16Il fallait retracer à grands traits l’histoire précédente pour voir comment on en est venu insensiblement à considérer le regard comme une réalité à part, ouvrant ainsi la voie à sa découverte comme réalité psychique inconsciente. Freud intervient, on l’a vu, au moment précis où des chercheurs comme Fechner et Helmholtz portent un regard scientifique sur le fonctionnement de la vision, et ses premiers travaux se situent sur ce terrain-là. Charcot pense faire de même à la Salpêtrière avec les hystériques, mais Freud a tôt fait de constater qu’il incarne en réalité un autre regard, met en évidence une forme de vision qui ne correspond pas à celle qui a été mise en lumière par les chercheurs de son époque et qui a ses lois propres (Bonnet, 1994). C’est pour lui un tournant capital. S’il est le premier à rompre la réciprocité des regards dans la relation thérapeutique, ce n’est pas seulement pour suspendre l’exercice de la vision, mais plus précisément pour observer le fonctionnement de cette vision paradoxale dans la sphère propre où elle s’exerce : la sphère psychique et relationnelle. Le geste inaugural de la psychanalyse inscrit dans la réalité cette autre modalité du regard et de la vision, ouvrant ainsi la voie à une nouvelle appréhension du visuel.

17Paradoxalement, il n’est pas question du regard dans les différents textes théoriques consacrés par Freud à la pulsion partielle et aux perversions qui lui correspondent, alors qu’il est explicitement mentionné dans quelques textes cliniques parmi les plus célèbres. Un mot d’abord des écrits théoriques : Freud explicite pour la première fois comment il conçoit le voir psychique dans Les trois essais (1905), à propos des perversions voyeuristes et exhibitionnistes puis quand il décrit la pulsion partielle correspondante chez l’enfant, et il note essentiellement que le voir est constitué de deux courants opposés, actif et passif qui sont constamment associés l’un à l’autre. Il n’est dit ni pourquoi ni comment, et on pourrait penser que c’est parce que le sexe génital en est l’objet, mais il est ressorti par la suite que c’est précisément parce qu’ils s’exercent sous l’action du regard (Lacan). Quand un exhibitionniste ou quand un voyeur se livrent à leur pratique, c’est le regard qui les motive, qu’ils cherchent à capter et dont ils tirent leur jouissance, chacun sur un mode différent. Dans la cure classique, l’analysant et l’analyste renoncent à l’échange des regards au sens psychologique du terme, de façon à laisser surgir ce regard inconscient sous ses divers aspects. Le regard ne se présente donc pas à la psychanalyse comme un simple élément tiers entre le sujet et l’objet, mais comme un objet provoquant, actif, dont le statut reste à définir.

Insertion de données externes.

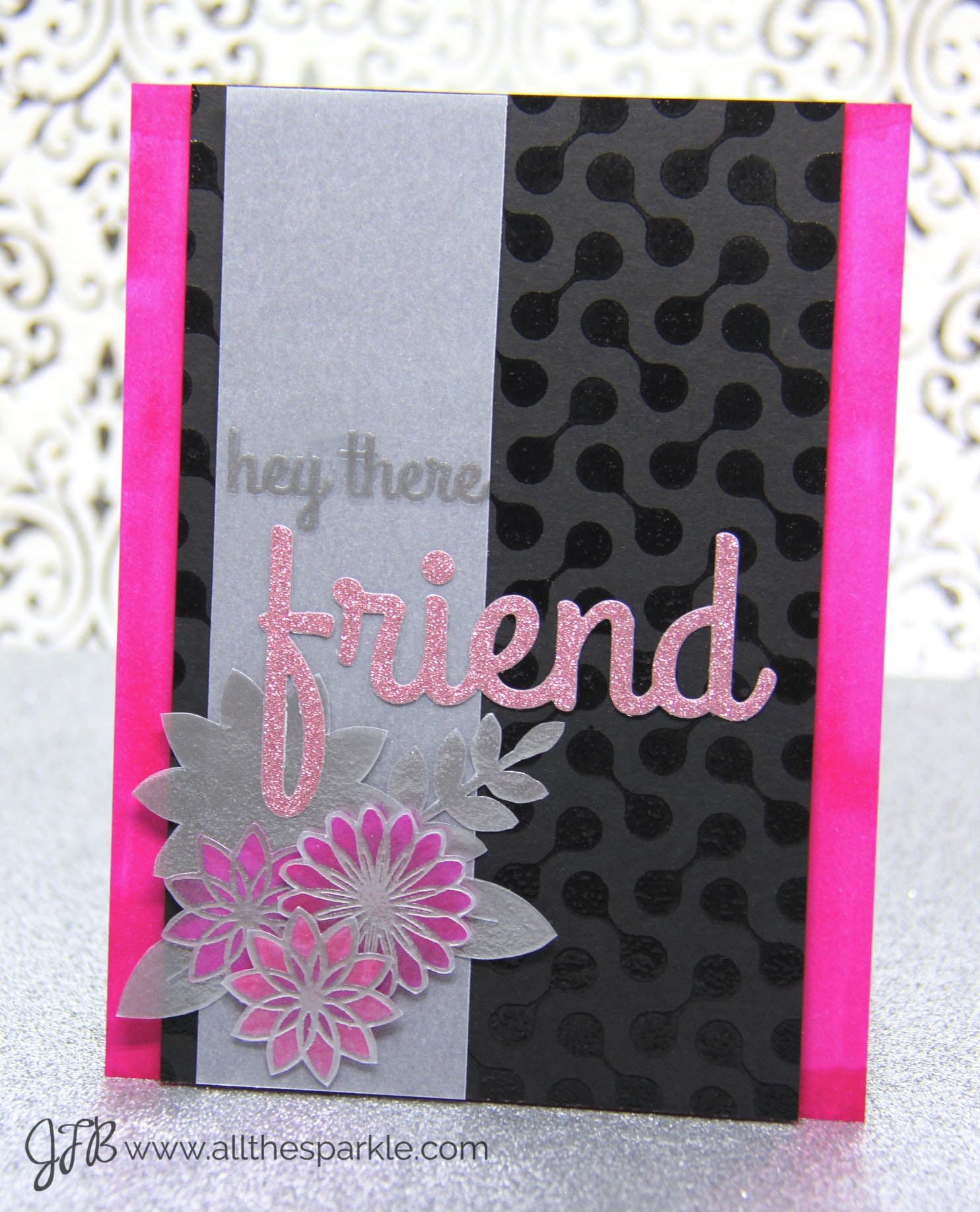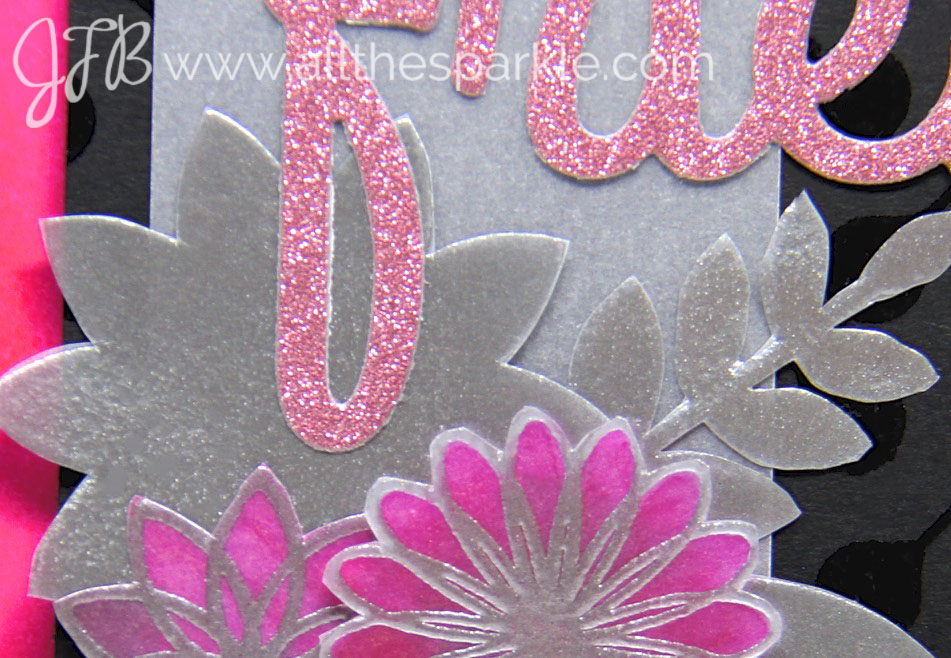 To create this card I stamped and heat-embossed flowers from one of the stamp sets onto vellum with silver embossing powder. Then I turned the vellum over and colored in the flowers with copic markers. I fussy cut each flowers and layered them together on a strip of vellum. Once I arranged the flowers I stamped the sentiment onto the vellum strip and heat-embossed it with silver embossing powder. Then I stamped and heat-embossed the background stamp with clear embossing powder on black cardstock. I trimmed the background panel and mounted it onto a piece of white cardstock that I colored with one of the copic markers I used for the flowers. Finally I attached the vellum strip and the flowers to the black panel and added a word die-cut from pink glitter paper to complete the sentiment!
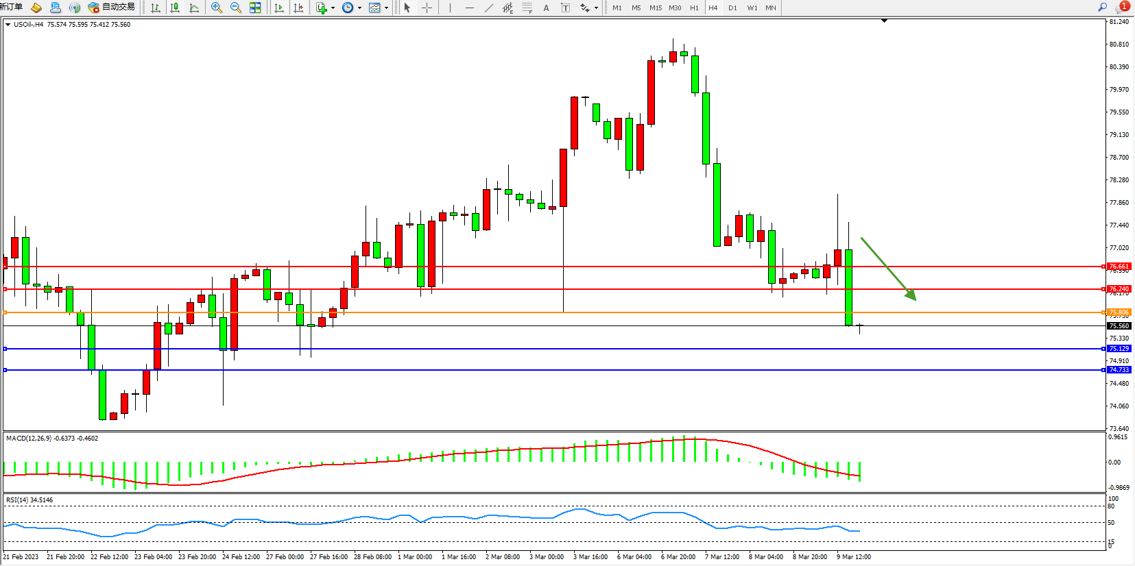 交易策略:75.806下方看跌,目标75.129 74.733
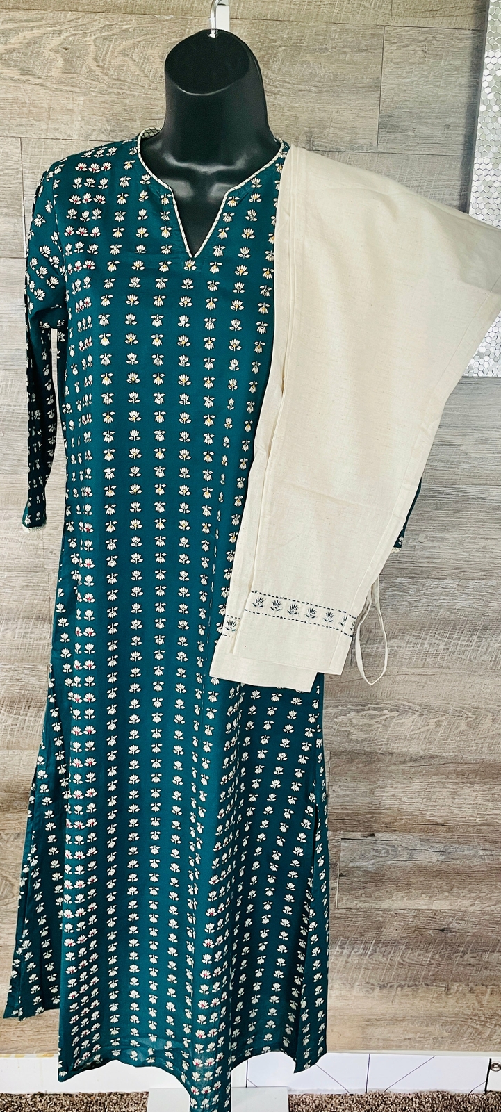 Pure Muslin Cotton Sequence Thread Work Kurti and Pant

18Le second écrit théorique du corpus freudien concernant le voir psychique se situe dans « Pulsions et destins de pulsions » (1915). Cette fois, Freud veut illustrer les processus de retournement et de renversement qui articulent les courants opposés en prenant pour exemple les différents destins de la pulsion de voir, et il propose pour cela deux schémas successifs : selon le premier, l’articulation s’opère autour du corps, le voir est d’abord actif, puis donne naissance à deux courants passif et réfléchi. Selon le second, l’articulation s’opère autour et à partir du sexe génital, le voir est d’abord réfléchi et se distingue ensuite en deux courants actif et passif [11]. On notera que le premier schéma reprend l’évolution historique que nous avons décrite précédemment à partir de la pensée grecque, en accordant la priorité à un regard actif, producteur du rayon visuel, alors que le second est plus conforme à ce que Descartes a décrit de l’évolution du voir psychique qui se développe d’abord dans un contexte narcissique, avec un regard intériorisé, avant de se distinguer en deux courants opposés. Cette fois encore, la question du regard n’est pas explicitement posée, mais on notera que c’est dans cet article que Freud ajoute la notion de poussée aux notions de source, objet et but déjà mises en place pour décrire le mouvement pulsionnel dans son ensemble : c’est un premier pas pour donner un statut au regard.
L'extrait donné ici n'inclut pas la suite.